Don Valentín García Yebra, eximio traductor de obras clásicas y académico de la RAE, se refirió a la versión magistral que el jesuita Aurelio Espinosa Pólit hizo de la Eneida y las Geórgicas de Virgilio; aunque yo no disponga del texto literal, transmito sin traición el sentido de sus palabras: “Si por desgraciado azar no contáramos hoy con la obra de Virgilio, la traducción que hizo de ella Espinosa Pólit bastaría para que tuviéramos idea cabal de su riqueza”.

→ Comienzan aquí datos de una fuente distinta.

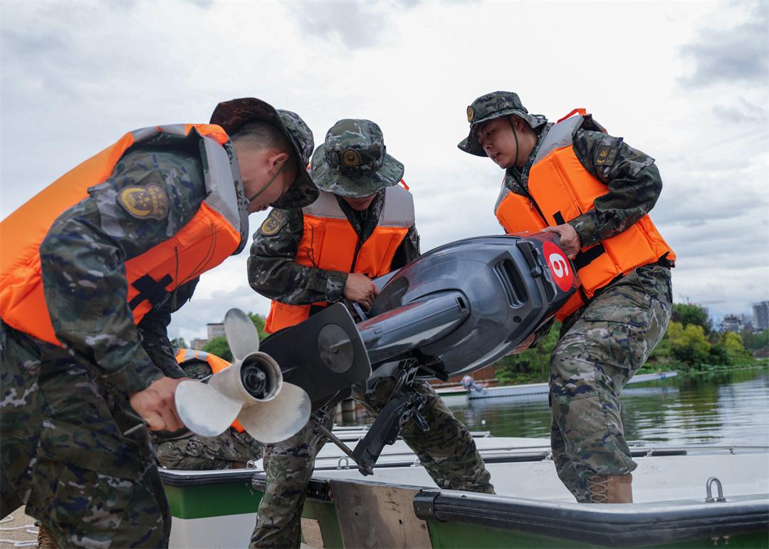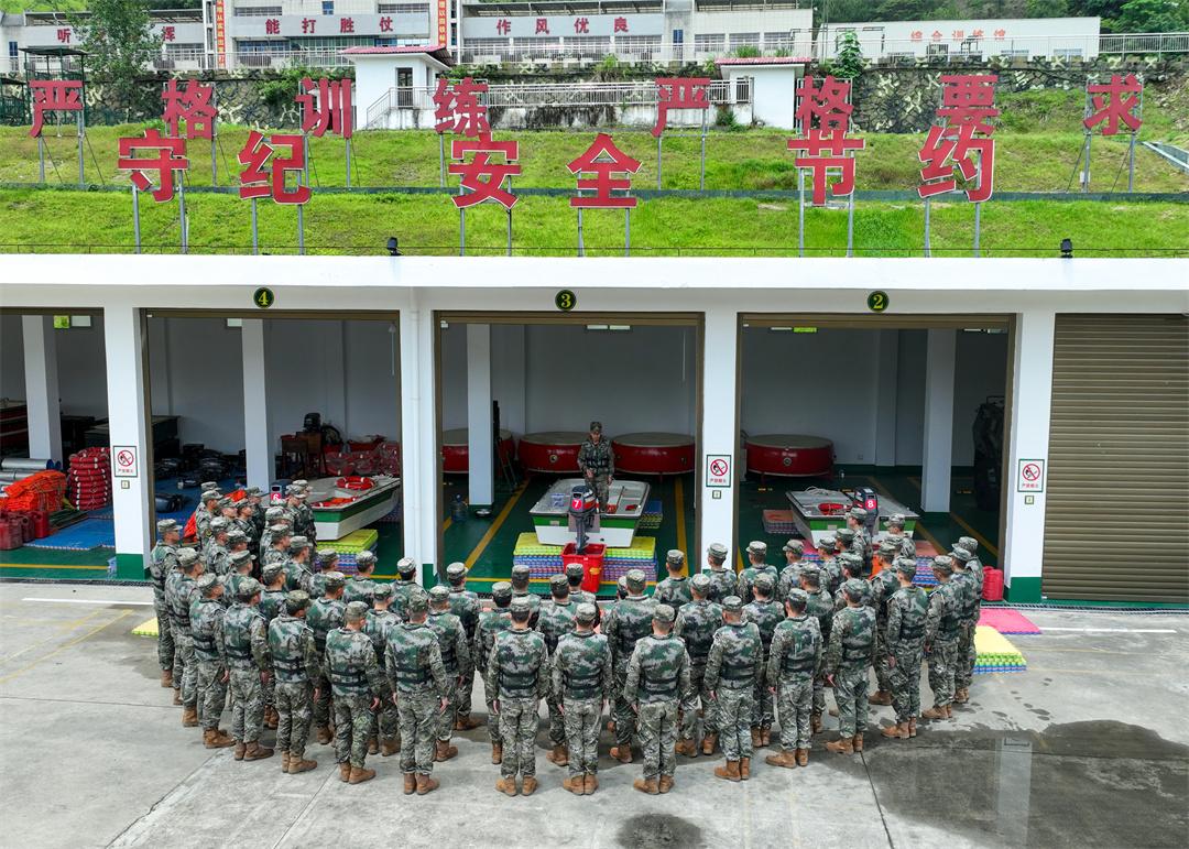 “當前,駐地已進入汛期,我們始終立足防大汛、搶大險、救大災(zāi),著眼任務(wù)需求,開展全要素實戰(zhàn)化訓(xùn)練。通過單兵精練、編組合練、綜合演練,全面錘煉部隊復(fù)雜環(huán)境遂行任務(wù)能力,確保遇有情況拉得出、救得下、打得贏?!蔽渚髦ш狀I(lǐng)導(dǎo)陶建榮說。

¡Jesuitas de entonces! Imaginaba yo, en la querida Católica de los sesenta, que el soporte de su difícil vocación era la formación cultural que recibían, centrada en los clásicos. Por supuesto, esta formación no habría bastado para su vida de renuncia exigente, sin una profunda espiritualidad, tema en el cual es difícil entrar. Hoy, en la existencia wikipédica que llevamos, se extrañan la dedicación, el cultivo y finura íntimos que hicieron de ellos maestros sin parangón, dignos de la mejor ¿e insalvable? nostalgia.

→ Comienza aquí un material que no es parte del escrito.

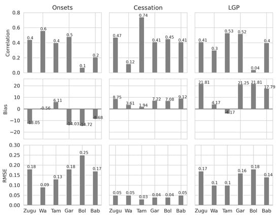 Agreement between CHIRPS-v2 and gauge data in representing the rainfall onset, cessation, and LGP at the six stations from 1981 to 2016. Performance was measured using Pearson correlation (r), Bias, and root-mean-square errors (RMSE). Station names are like Figure 6.

¿Será por ese recuerdo sin tacha que me alegró tanto saber que el nuevo papa es jesuita? ¡Y argentino, pensé!: hermoso, querido, inmenso país del sur, de donde procede lo mejor de la cultura hispanoamericana del XX, como también el omnipresente peronismo que nadie entiende -¿o quizá el papa?-… La patria del Güiraldes de Don Segundo Sombra, y de Sábato, Bioy, Borges, Cortázar… ¡Papa y, además, che!, como dirían algunos, no sin cierto matiz de desconfianza (por aquello tan manido, del engreimiento de los ches, que, con tantos amigos argentinos, nunca experimenté).

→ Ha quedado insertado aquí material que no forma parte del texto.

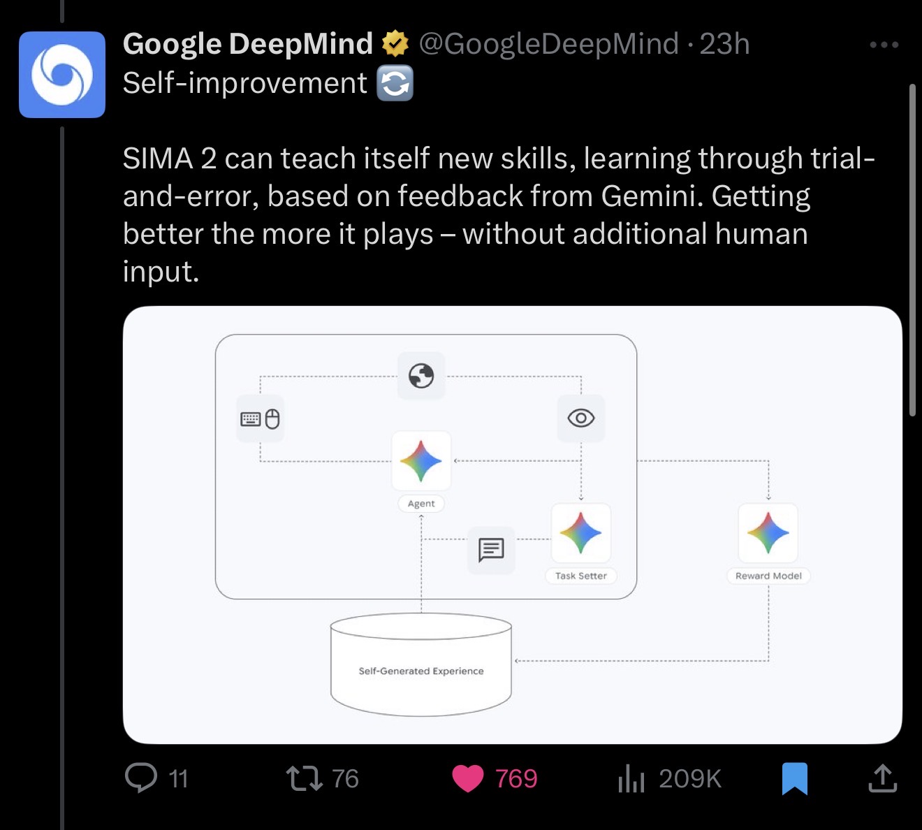 @NathanHelmBurger so even if humans are then cherry picking the best results of the experiments, then human engineers assisted by Cursor etc implement new AI models based on the new algorithms. Human engineers then keep the enormous GPU clusters running training the new models, fixing a steady stream of intermittent failures and maintaining the generators.

La abdicación de Benedicto XVI me conmovió, aunque no haya seguido este acontecimiento con la ‘debida’ pasión. Un teólogo de rica cultura, capaz de asumir con dignidad y miedo piadoso sus límites hasta el fin (fin de su pontificado, de su dominio sobre los fieles del mundo y de su esperanza de transformación de la iglesia tal como él, amargamente, la vivió) es difícil de encontrar. Se necesitaron mil años para generar esa renuncia en libertad. Hoy, el acceso al trono de Pedro de un papa que habla español, que vivió las penas, solicitudes y silencios de la teología de la liberación (algo le quedará, a pesar de denuncias infaltables), es estimulante para el mundo cristiano. Él plantea el retorno a una iglesia pobre para los pobres, aunque tal redención parezca imposible, pues resulta mucho más difícil desprenderse de fortunas atesoradas, que crearlas. Cuestión que, como la de la espiritualidad, me rebasa, felizmente.
El nuevo papa se muestra comprometido hasta las entretelas del corazón por una iglesia distinta. ¿Francisco I? No: Francisco II, pues su nombre elegido por él mismo, lo obliga a entregarse a la hermana Tierra, al hermano sol, al hermano lobo, al hermano hombre, con la fraternidad llena de luz austral que tanta falta hace al mundo.